Gary Woodland, 41 ans, a été absent pendant une partie importante des saisons 2023 et 2024 de la PGA à la suite de son opération au cerveau il y a trois ans. Alors qu’il est resté largement silencieux sur les conséquences, l’ancien champion de l’US Open s’est ouvert lundi. Woodland a révélé à Rex Hoggard de Golf Channel qu’il souffrait de SSPT, ainsi que d’anxiété et d’hyperconscience, à la suite de l’opération visant à traiter une lésion cérébrale.
Le quadruple champion de la PGA continue son combat : il devrait participer au Players Championship la semaine prochaine au TPC Sawgrass à Ponte Vedra Beach, en Floride. Néanmoins, Woodland – qui n’a pas réussi à se qualifier lors du tournoi de l’année dernière – est confronté à ses luttes intérieures. « Je ne peux plus gaspiller d’énergie à cacher ça, et j’ai la chance de bénéficier de beaucoup de soutien ici pendant la tournée », a déclaré Woodland lundi.
« Tout le monde a été incroyable. Chaque semaine, je sors et tout le monde est tellement excité et heureux que je sois de retour.
« J’entends ça chaque semaine – ‘C’est tellement agréable de te voir après ça, c’est tellement agréable de te voir à 100 pour cent’ – et j’apprécie cet amour et ce soutien. Mais à l’intérieur, j’ai l’impression de mourir et j’ai l’impression de vivre dans le mensonge. »

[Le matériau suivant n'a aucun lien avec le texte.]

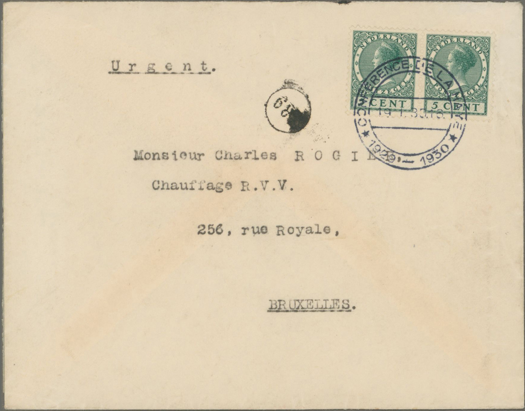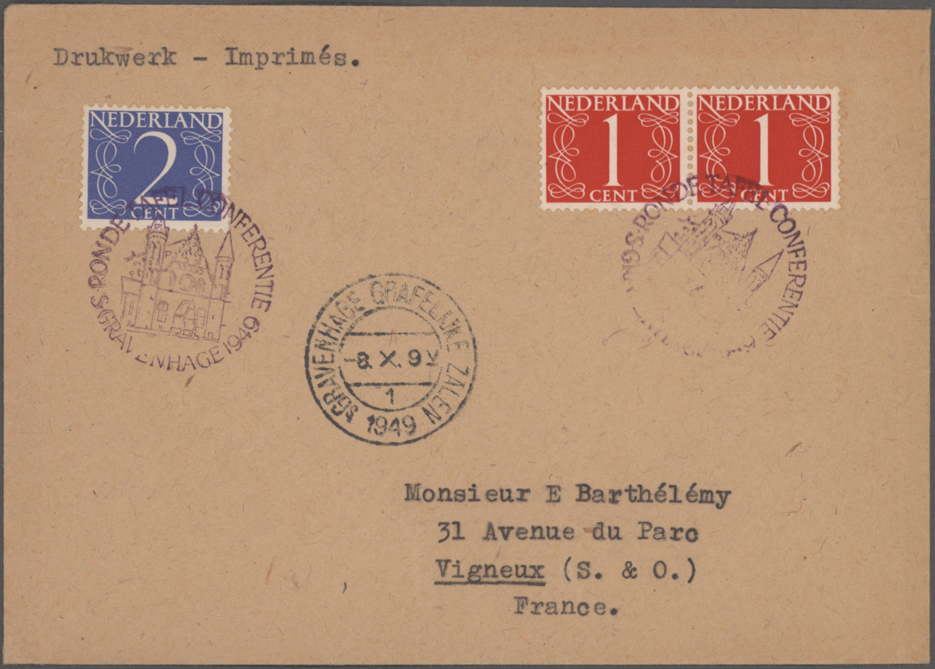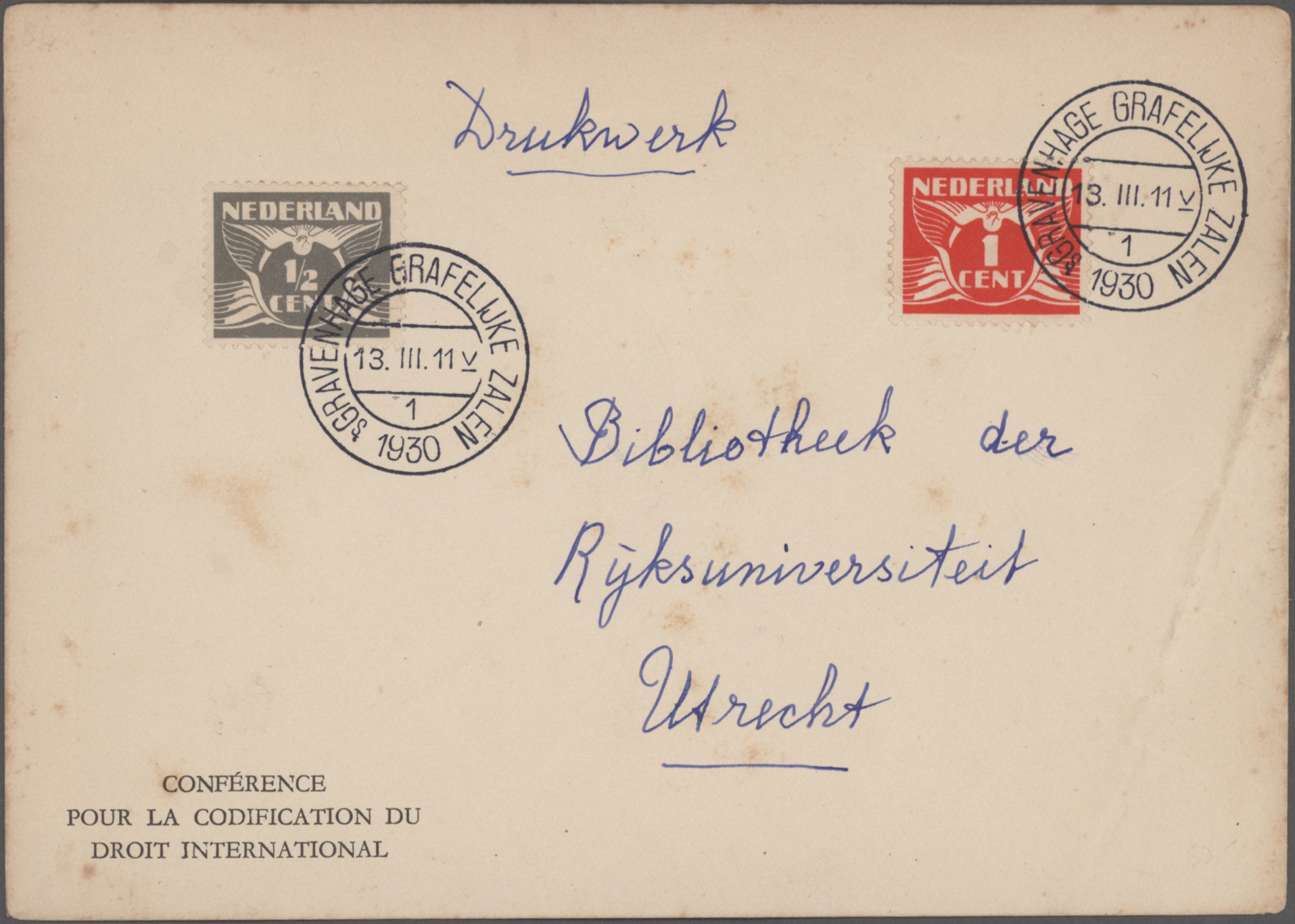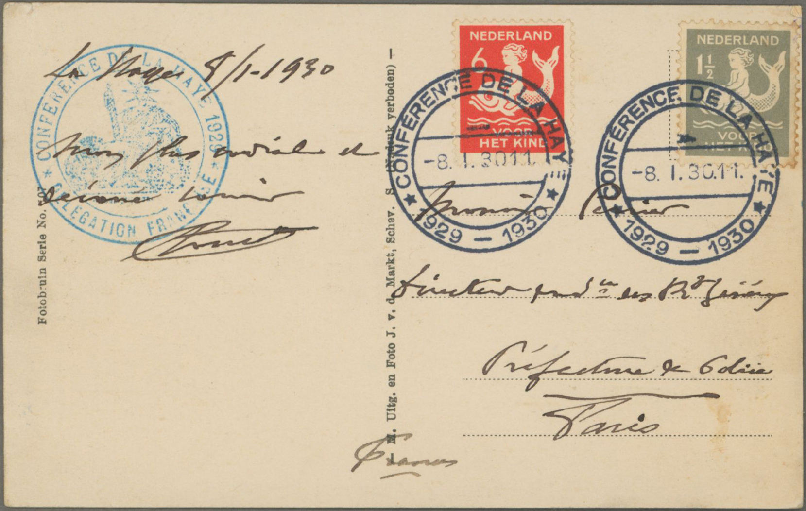 1929/1930, CONFÉRENCE DE LA HAYE 1929 and CONFÉRENCE DE LA HAYE 1929-1930, two different commemorative circular date stamps on ttl 3 service letters and one picture card with certain range of Wilhelmina definitives and Voor het kind semi-postals, despatched by various members of the British and French delegations with proper cachets BRITISH DELEGATION THE HAGUE (Den Haag) resp. DÉLÉGATION FRANCAISE to UK, France, Belgium and domestical. Scarce items.

L’opération de Woodland en 2023 lui a permis d’enlever une lésion cérébrale. Bien que ses crises aient cessé par la suite, il présente depuis des symptômes de SSPT. L’homme de 41 ans a demandé l’aide d’un professionnel et souhaite encourager les autres.
« J’espère que quelqu’un qui est en difficulté me voit ici, toujours en train de me battre et d’essayer de vivre mes rêves », a-t-il déclaré. « J’ai parlé à des vétérans, et une chose que j’ai entendue de plusieurs personnes, c’est que vous ne pouvez pas faire cela tout seul, peu importe à quel point vous pensez être fort. »
Woodland n’a pas livré de performances correspondant à ses standards antérieurs depuis son retour, n’ayant pas réussi à se qualifier dans les deux tournois majeurs auxquels il a participé l’année dernière. Pendant ce temps, les professionnels de la santé lui ont conseillé d’éviter les circonstances sous haute pression.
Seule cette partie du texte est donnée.